Alternatives To Acquiring Covidien
Medtronic is a well-established company operating within a mature medical devices sector. Top line growth is slowing at Medtronic and at other medical devices companies. The growth rate for Medtronic over the past 5 years was only 5.5%, compared to 6% for the sector average. In spite of this, the sector has achieved gains in operating profitability by better managing costs and becoming more efficient. One specific area of improvement for the sector in general has been an 8% annual growth in revenue/employee. Medtronic's revenue/employee for the last year was $347,040.82, while Covidien's was 28% lower, at $269,480.52. Again, there is clear room for improvement in Covidien's management efficiency that Medtronic may be able to help with.

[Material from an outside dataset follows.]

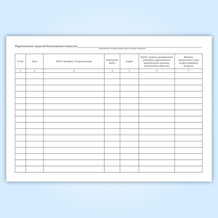 Журнал регистрации операций, связанных с оборотом наркотических средств и психотропных веществ, старшего по бригаде медицинского работника в Магнитогорске купить
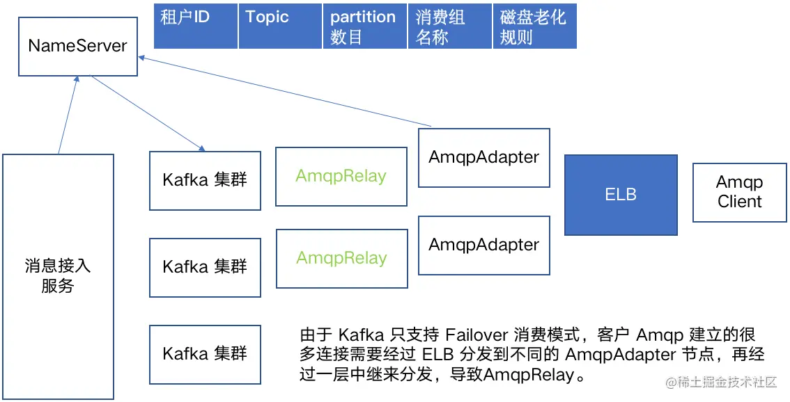 2020 年 5 月,为提升产品的竞争力,我们计划让客户通过 AMQP 协议来接收流转数据。AMQP 协议的客户端接入更加复杂,而客户可能会将 AMQP 客户端集成在手机端,每天定时上线两小时,这种情况下,我们需要保证客户在使用时不会出现数据丢失,因此要求消息中间件支持多于规则数量的 topic(有些客户单规则下数据量大,单 topic 无法支撑)。目前,我们的规则数量已超过 3 万,预计很快会达到 5 万,并且还会继续增长。

The bigger problem, though, is how do you infuse growth into a sector, and specifically to a well-established company like Medtronic, that is experiencing such a slow growth rate? One of the solutions for Big Pharma companies in the past has been to pursue large-scale acquisitions, as I describe in my previous article here. But, when a company is already large, expanding one's drug pipeline, or in this case, medical device portfolio, into more medical areas leads to more inefficiencies than economies of scale. In comparison, other companies within the healthcare industry like Johnson & Johnson (NYSE:JNJ) have made smaller-sized acquisitions to strategically improve upon their areas of expertise.

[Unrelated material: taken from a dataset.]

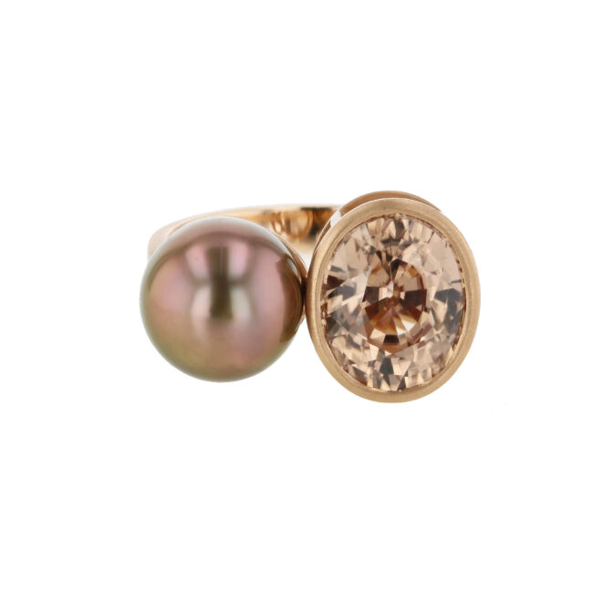 Find your timeless elegance in this exceptional ring from Hinerava’s Privilège Collection that features a rosé 9mm Tahitian Pearl, carefully chosen to complement an oval cut blush zircon, 6.20 carats, mounted in 18K rose gold bezel with satin finish. A refined jewel from Hinerava’s Privilège Collection that marks life’s most meaningful moments and reflects endless love.

Innovation is the key to growth in healthcare, and this is even more relevant for medical device companies that face shorter product lifetimes of 12-18 months than for pharmaceutical companies. Due to this acquisition, Medtronic will have $18 billion in debt and a debt/equity ratio of 2.3X, which limits its options going forward.
Medtronic wants to acquire Covidien for $43 billion, a deal which will expand its current product offering and yield about $1 billion in annual savings. At Covidien's current EBITDA and growth rate, Medtronic is expected to recover its investment in ~6-7 years. While this will enable the company to domicile in Ireland and use its foreign cash hoard towards dividend payments, it is paying a heavy premium for this convenience. It is also doing a disservice to its shareholders by not clearly spelling out the tax implications for them in terms of a capital gains tax. Lastly, the deal does not infuse innovation into the company in any obvious manner, and strategic investments in innovation would be a better allocation of Medtronic's funds than continuing to make marginal improvements in operational efficiency of a much larger entity.
Given my findings on the numbers and implications of this deal, I am surprised at the lukewarm reaction from Wall Street to this deal. Time will tell whether this deal will materially benefit Medtronic in the long run. Also, keep in mind that Wall Street was dead wrong about the AOL and Time Warner merger.
Disclosure: The author has no positions in any stocks mentioned, and no plans to initiate any positions within the next 72 hours. The author wrote this article themselves, and it expresses their own opinions. The author is not receiving compensation for it (other than from Seeking Alpha). The author has no business relationship with any company whose stock is mentioned in this article.